§ **Provided entries**
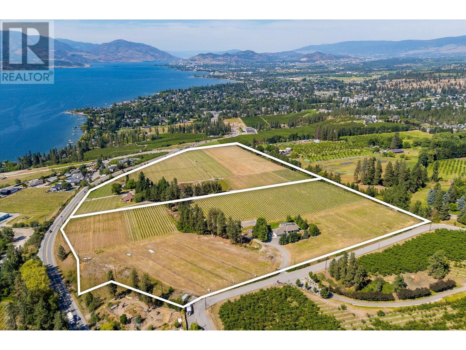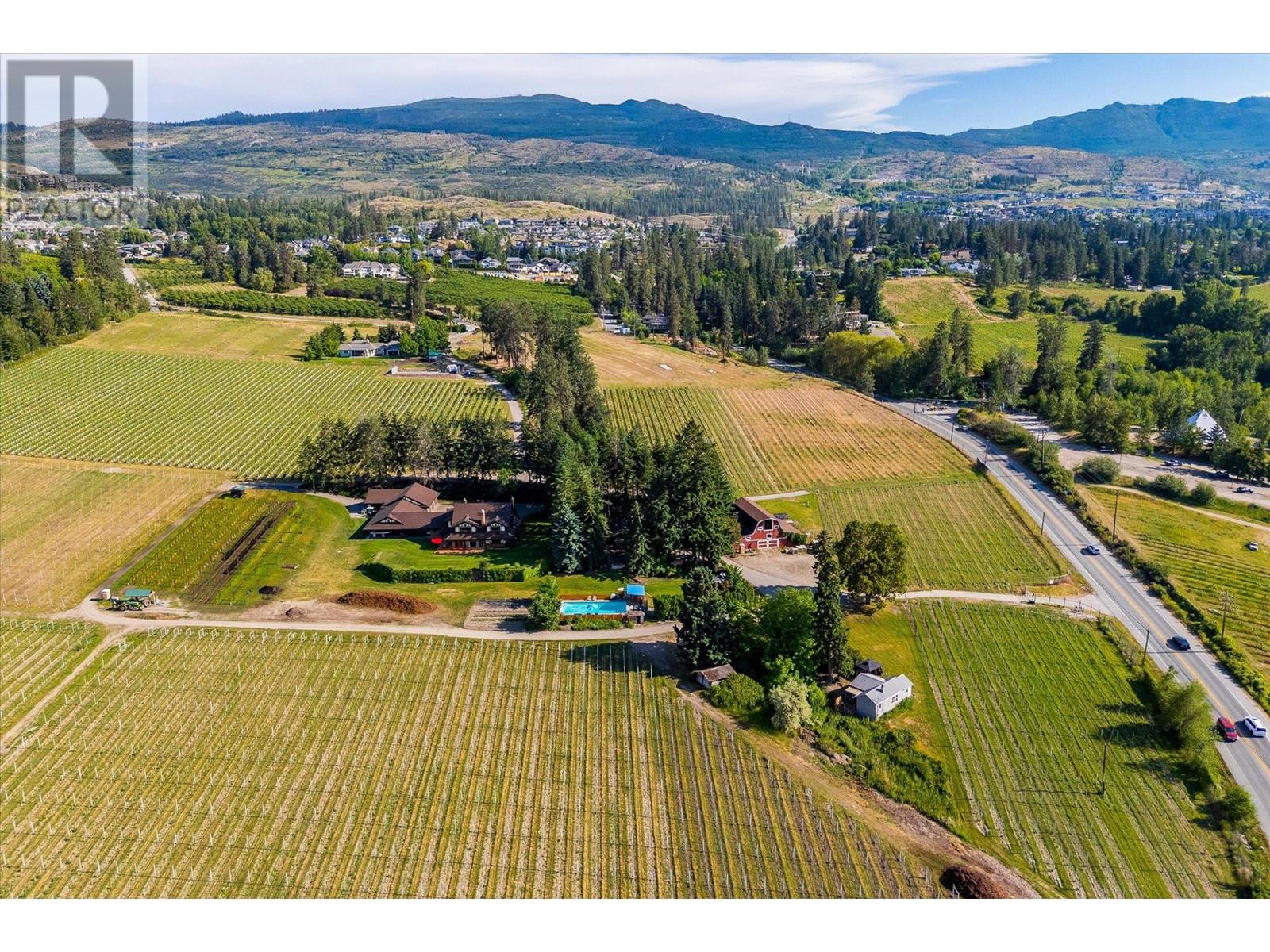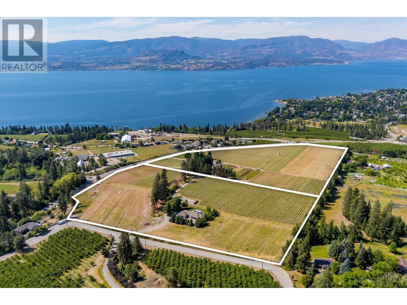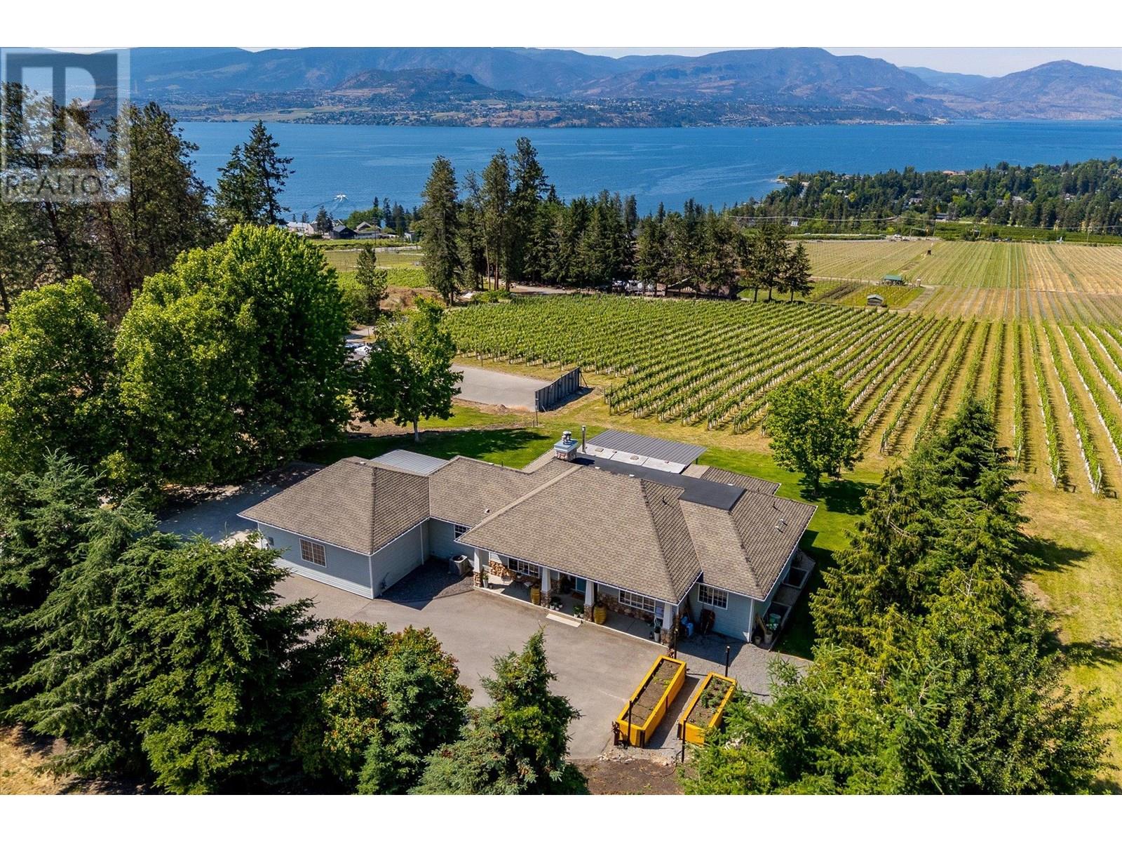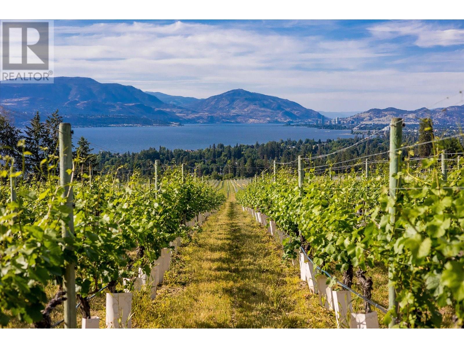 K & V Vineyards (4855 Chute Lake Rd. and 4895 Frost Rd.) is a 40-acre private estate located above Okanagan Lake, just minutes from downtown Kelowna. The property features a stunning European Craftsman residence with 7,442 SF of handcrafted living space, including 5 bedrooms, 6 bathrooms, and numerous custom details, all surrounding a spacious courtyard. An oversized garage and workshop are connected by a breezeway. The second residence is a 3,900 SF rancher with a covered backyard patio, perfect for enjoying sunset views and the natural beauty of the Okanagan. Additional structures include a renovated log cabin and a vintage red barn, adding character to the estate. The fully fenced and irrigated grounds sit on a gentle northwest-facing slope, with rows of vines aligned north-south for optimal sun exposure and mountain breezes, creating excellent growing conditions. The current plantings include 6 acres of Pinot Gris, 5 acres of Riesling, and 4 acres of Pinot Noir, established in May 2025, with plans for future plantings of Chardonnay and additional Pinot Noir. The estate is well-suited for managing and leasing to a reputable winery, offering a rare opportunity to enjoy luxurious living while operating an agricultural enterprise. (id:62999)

==

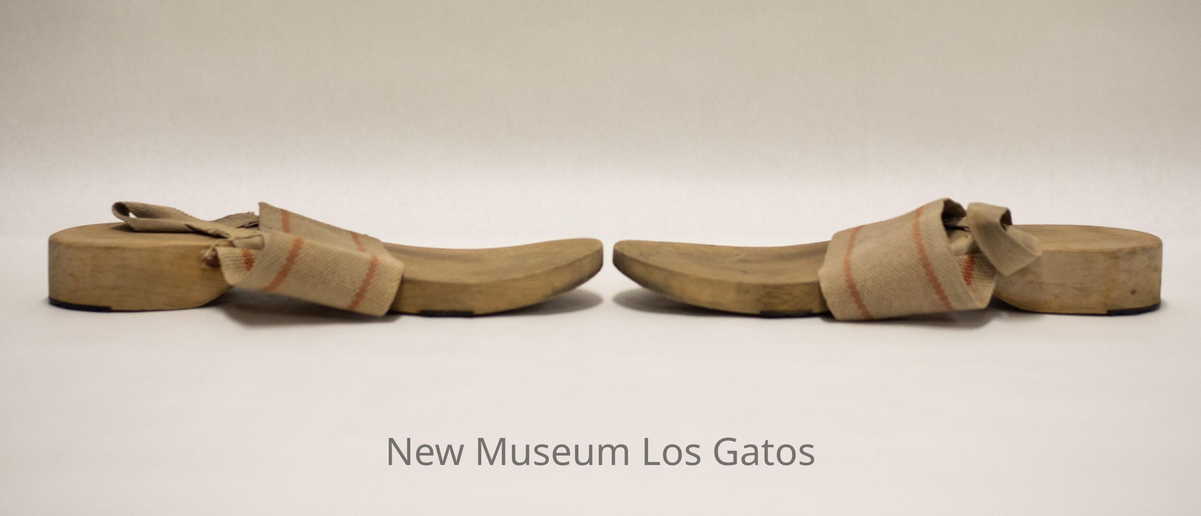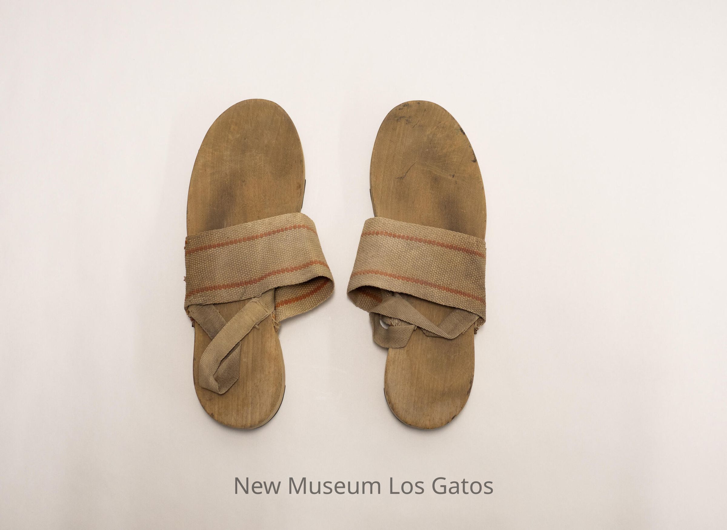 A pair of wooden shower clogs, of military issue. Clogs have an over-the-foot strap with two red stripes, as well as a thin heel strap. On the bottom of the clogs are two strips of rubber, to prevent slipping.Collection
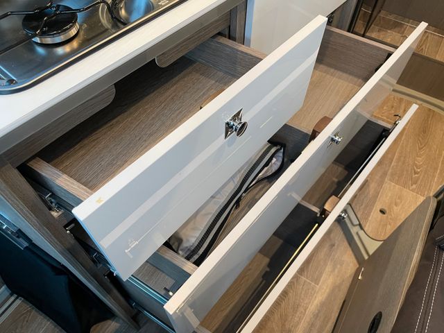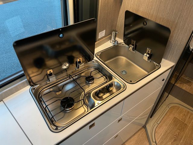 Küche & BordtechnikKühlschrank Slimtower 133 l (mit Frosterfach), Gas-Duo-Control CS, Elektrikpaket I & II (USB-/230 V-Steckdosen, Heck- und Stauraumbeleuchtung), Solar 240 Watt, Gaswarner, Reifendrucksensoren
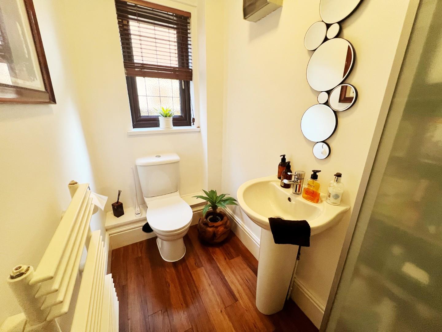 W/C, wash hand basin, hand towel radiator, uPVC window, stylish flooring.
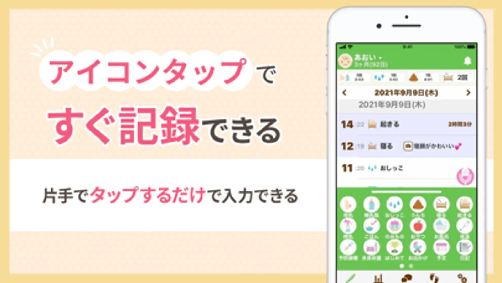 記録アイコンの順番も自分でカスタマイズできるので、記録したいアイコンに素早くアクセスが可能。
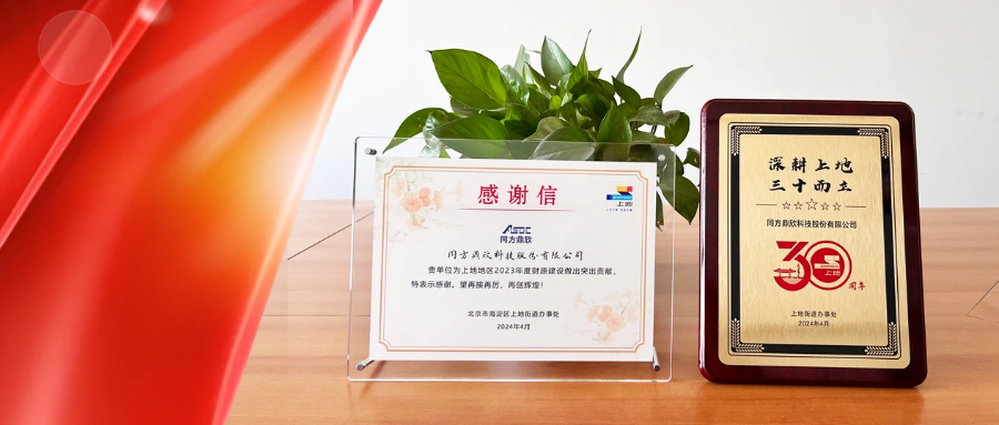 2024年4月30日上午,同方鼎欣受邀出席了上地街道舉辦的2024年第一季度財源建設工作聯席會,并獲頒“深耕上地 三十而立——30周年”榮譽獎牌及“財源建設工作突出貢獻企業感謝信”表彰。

---

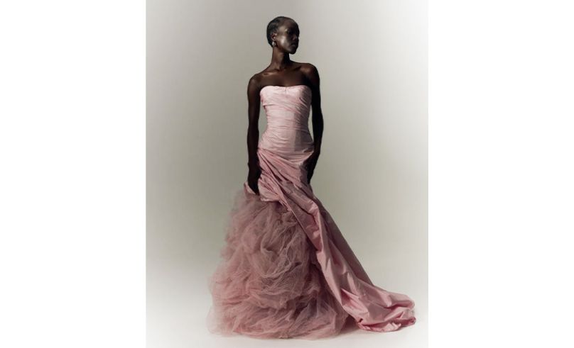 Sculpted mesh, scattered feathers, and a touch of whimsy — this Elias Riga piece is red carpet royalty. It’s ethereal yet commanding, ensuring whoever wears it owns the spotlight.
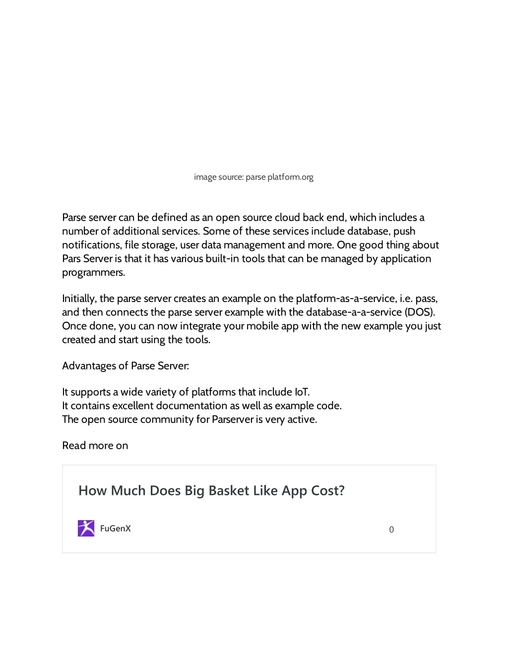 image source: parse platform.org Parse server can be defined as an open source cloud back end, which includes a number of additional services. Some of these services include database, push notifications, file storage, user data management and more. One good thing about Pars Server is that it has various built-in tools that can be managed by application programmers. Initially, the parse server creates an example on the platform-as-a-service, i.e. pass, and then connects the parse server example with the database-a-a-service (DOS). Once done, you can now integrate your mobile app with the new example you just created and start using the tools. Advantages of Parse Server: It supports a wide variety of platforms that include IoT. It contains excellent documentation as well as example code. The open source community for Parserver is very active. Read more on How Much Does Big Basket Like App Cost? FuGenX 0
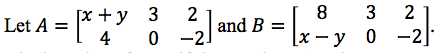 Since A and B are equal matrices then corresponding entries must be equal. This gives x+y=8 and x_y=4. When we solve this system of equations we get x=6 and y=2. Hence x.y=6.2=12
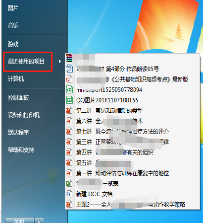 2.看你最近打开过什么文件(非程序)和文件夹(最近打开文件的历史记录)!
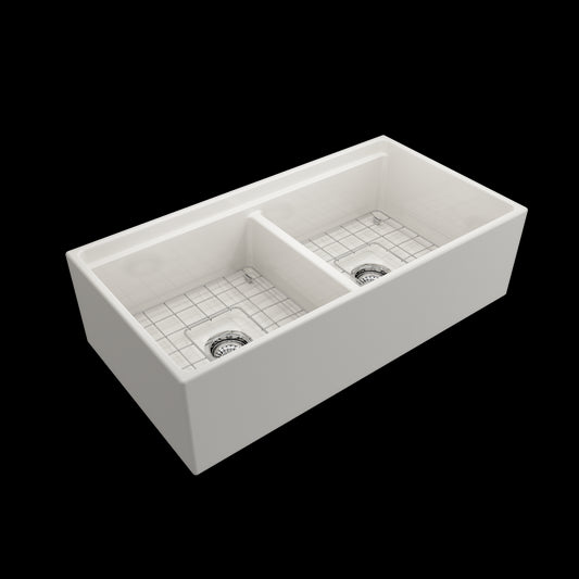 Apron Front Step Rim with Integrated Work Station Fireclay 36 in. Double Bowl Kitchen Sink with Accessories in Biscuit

§ **Directions for this task**
I would like the exact lines from the data above, starting with the one that holds "Since A and" and going on through the one that holds "Apron Front Step", without the pictures.

§ **Response to this exercise**
 Since A and B are equal matrices then corresponding entries must be equal. This gives x+y=8 and x_y=4. When we solve this system of equations we get x=6 and y=2. Hence x.y=6.2=12
 2.看你最近打开过什么文件(非程序)和文件夹(最近打开文件的历史记录)!
 Apron Front Step Rim with Integrated Work Station Fireclay 36 in. Double Bowl Kitchen Sink with Accessories in Biscuit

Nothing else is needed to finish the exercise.